One potential problem with the devitellinization step is that a significant percentage of the embryos remain at the organic/aqueous interface. This seems to be more common when working with small numbers of embryos and is probably caused by not removing enough of the aqueous phase after the shaking fixation. Perhaps the embryos find refuge in the remaining aqueous pockets instead of entering the methanol.
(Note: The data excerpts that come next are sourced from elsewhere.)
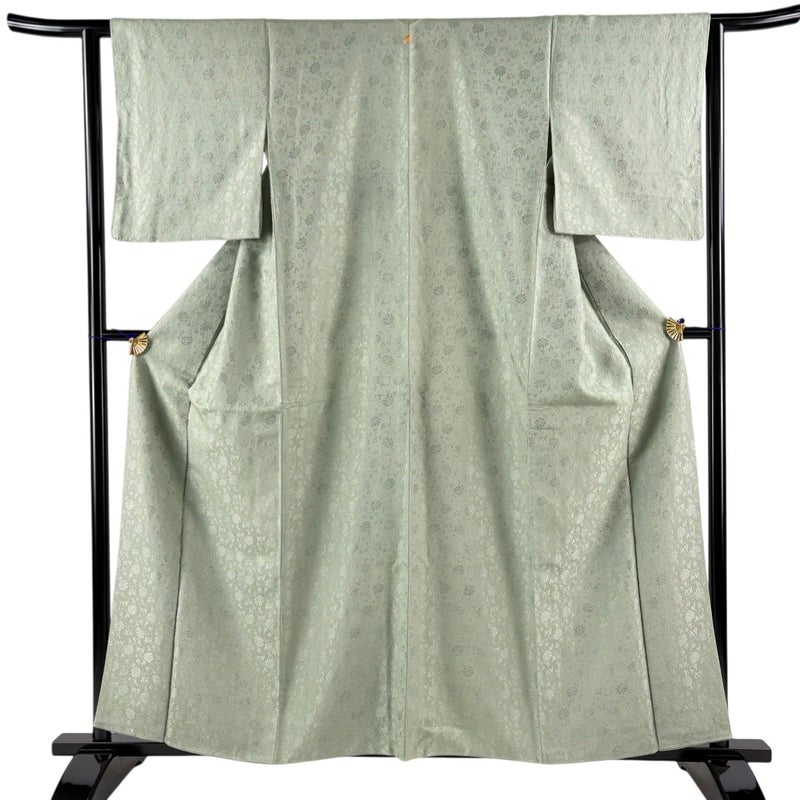 【色無地】 灰色系 灰緑 秀品 A 約150cm~約159cm 裄丈63cm-64cm (S)size 袖丈49cm 7990-9980 美品 二万以下
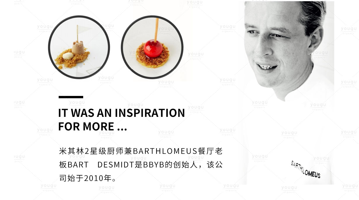 • 诞生于Bart Desmidt的激情和Jan Verleye的工艺。开始Bartholomeus是很受欢迎的甜点之一,后来发展成为BbyB:果仁糖、鲣鸟、Babeluttes和其他高品质的糖果,以创造性和精致性吸引味蕾。
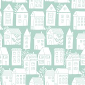 Wzór z domów w czarnym i pomarańczowym, ręka tło wektor ciągnione halloween
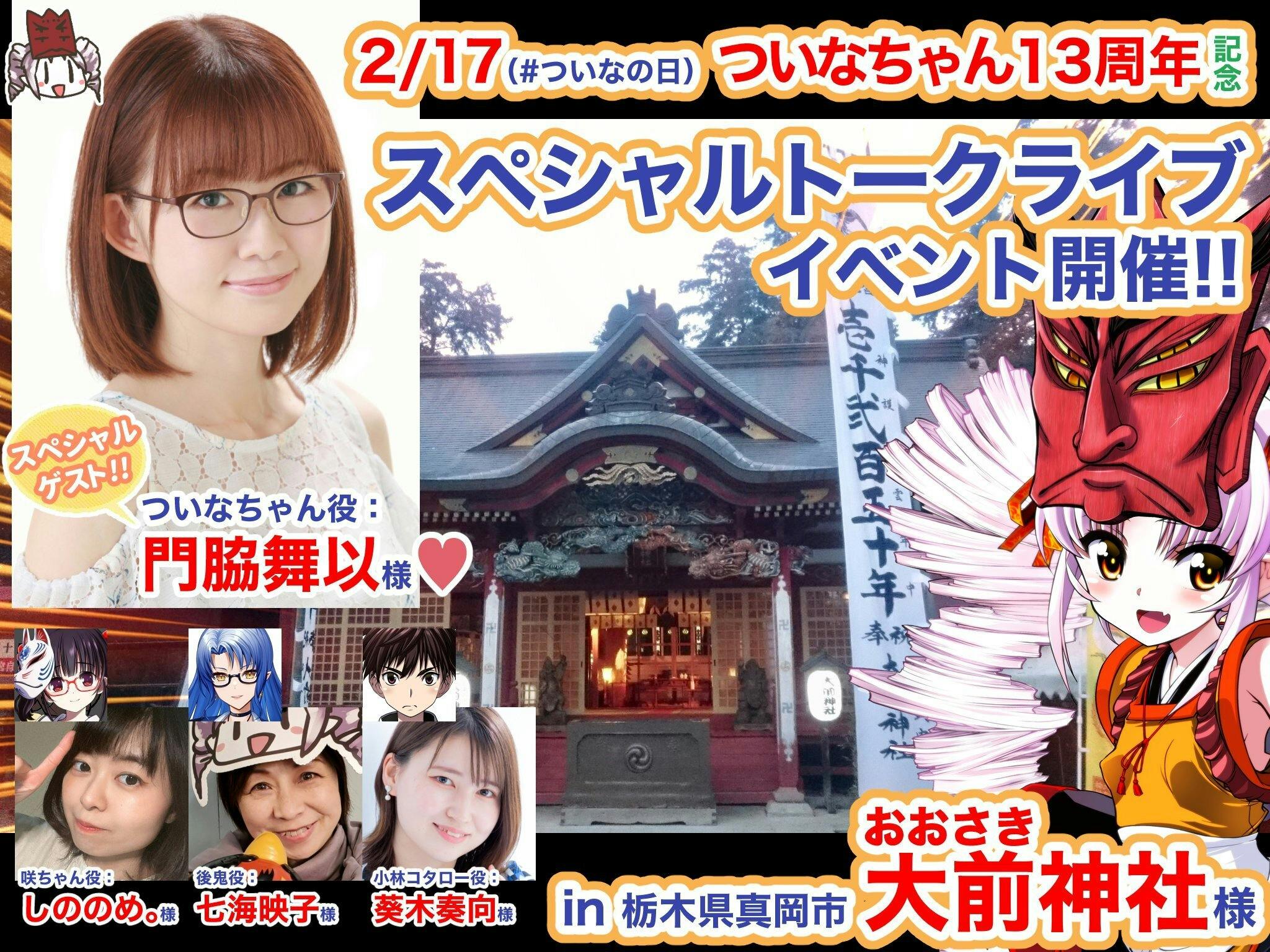 来たる2月17日(土)、門脇舞以はん達ついなちゃんプロジェクトの声優はんをお招して、

If one encounters this problem, make sure that the aqueous phase is completely removed. Also, try shaking the vial for a longer time after the addition of methanol, 1-2 minutes instead of 20-30 seconds. When working with small numbers of embryos, an alternative is to do the fixation in a 2 ml eppendorf tube with scaled-down volumes of reagents, although it is important that a good emulsion of the phases is still achieved during shaking. In the protocol presented here, our experience has been that more embryos work better, which necessitates more female flies in the embryo collection cages. This will result in doing fewer and better fixations at the cost of sorting extra flies.